The U.S. Financial Crisis 2007-2008, The Global Financial Crisis (GFC for short) and the Great Recession 2008-2012 all seem to have become interchangable terms. I recently came across some journal notes I made at the peak of the crazy in 2008. The reason for the note timing was my thought was that we were going through an unprecedented time in financial history that would have clearly have a deleterious effect on the world at large. I had just read some diary excerpts from my great-great-grandmother Henrietta’s diary, written circa 1905-1908, which got me thinking I should get pen to paper in case this page of history was of interest in another 100 years.

4 September 2008

“Ruthless markets continue. Dow < 300, NASD < 65. Merrill Lynch has now taken write-downs equivalent to 25% of all of the money they have made since they came into existence.”

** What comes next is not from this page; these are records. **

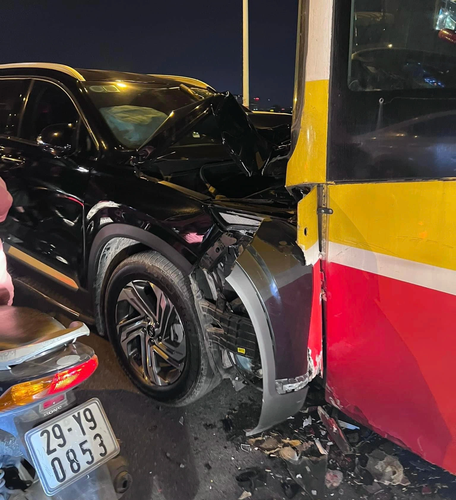 13/10/2022 15:36Xe SantaFe lấn làn đâm vỡ đầu xe buýt
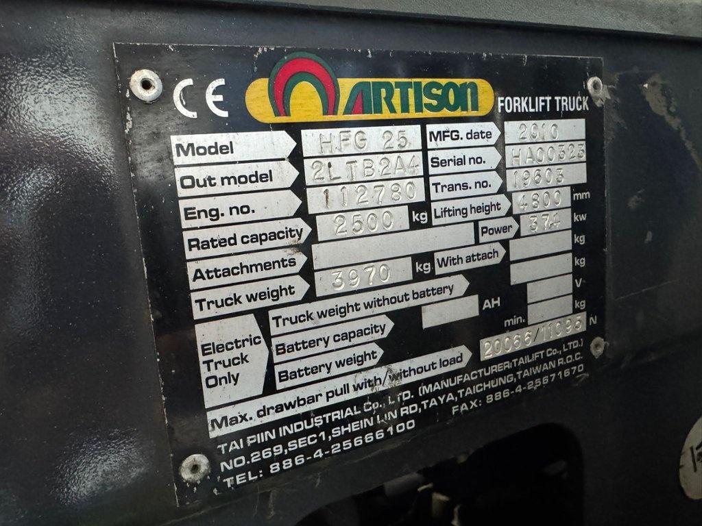 Lot 16: ARTISAN Model HFG25 2500KG Capacity Gas Forklift Truck. Year 2010 Number of watchers: 2
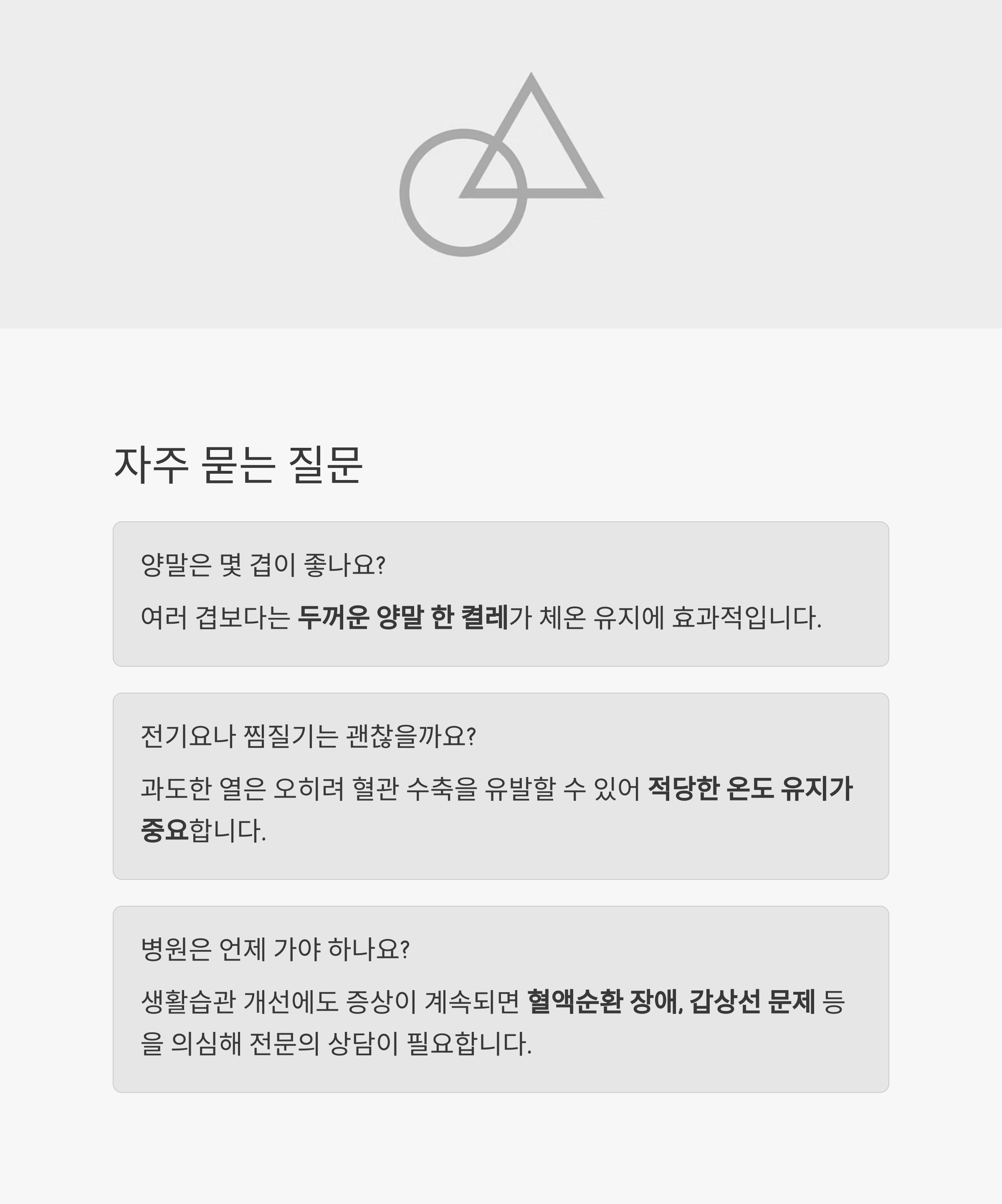 | 두꺼운 양말 착용 | 체온 유지에 도움 |
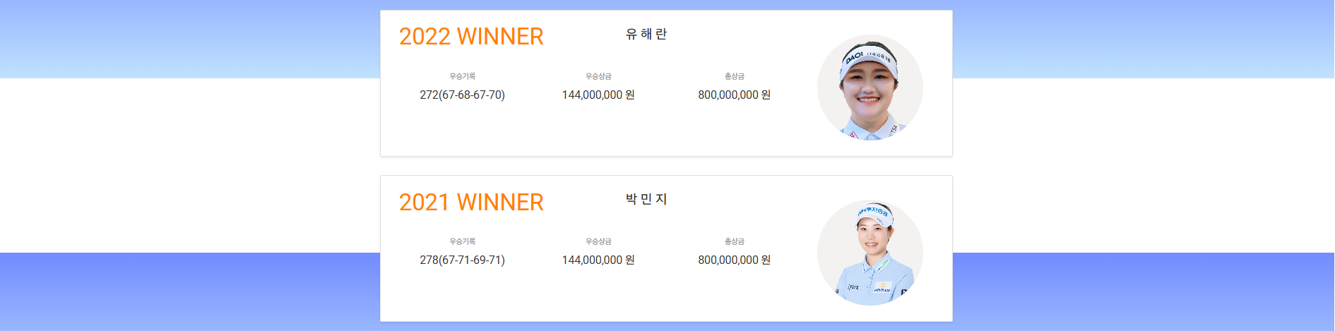 11회인 2021년부터 우승자는 박민지, 유해란, 최은우 2연패이며, 방신실은 전년도 우승자 입니다.
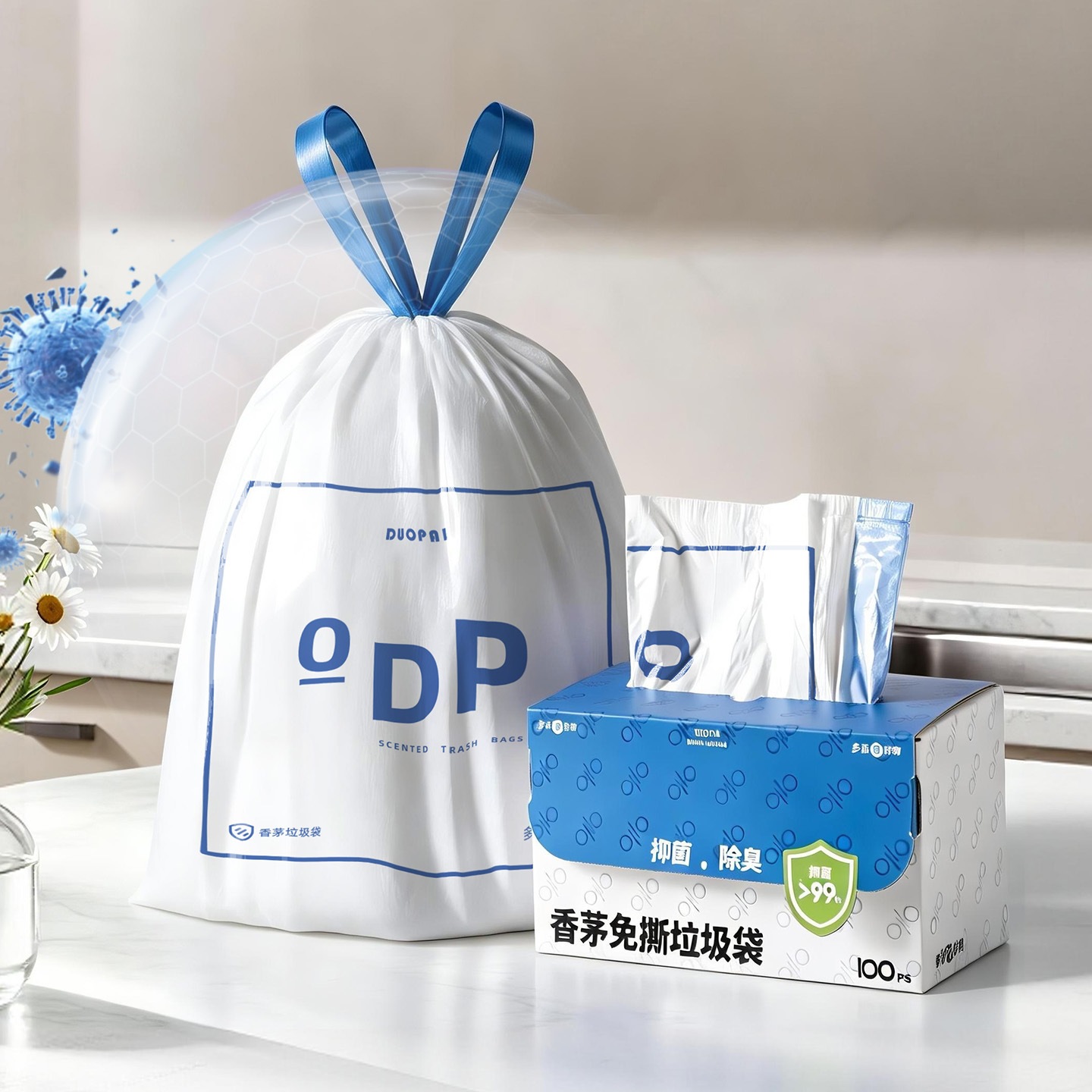 香茅祛味垃圾袋 免撕加厚手提抽绳自动收口家用大号盒装卫生高颜
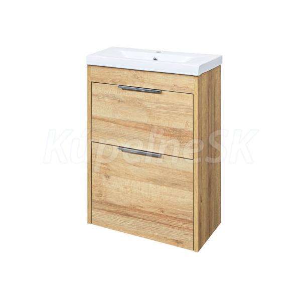 Mereo Vigo, kúpeľňová skrinka s keramickým umývadlom 51 cm, dub Riviera

We all had little idea that we were in the relative early innings. The S&P which was at 1217 coming into September 2008 would eventually fall another 45%.

5 September 2008

“If you find a path with no obstacles, it probably does not lead to anywhere.”

10 September 2008

“What a week! Sunday the Fed took over Fannie and Freddie Mac. Monday the Dow was up 300. Tuesday Lehman was down 45% and the Dow off 300. No trending markets to report.”

11 September 2008

“9-11 anniversary overshadowed by carnage in the financial markets today. Lehman sub $4 (was $17 on Monday). It does not look good for them.”

15 September 2008

“One of the most dramatic days in the history of the financial markets. Lehman Bros. files for bankruptcy, Ch. 11 late Sunday. Bank of America bought Merrill Lynch for $29 (1.8x book) in an all stock deal. Merrill Lynch closed at $17 on Friday past. Lehman to zero, incl. the pref I bought as a punt (oops). The risk reward was very good.”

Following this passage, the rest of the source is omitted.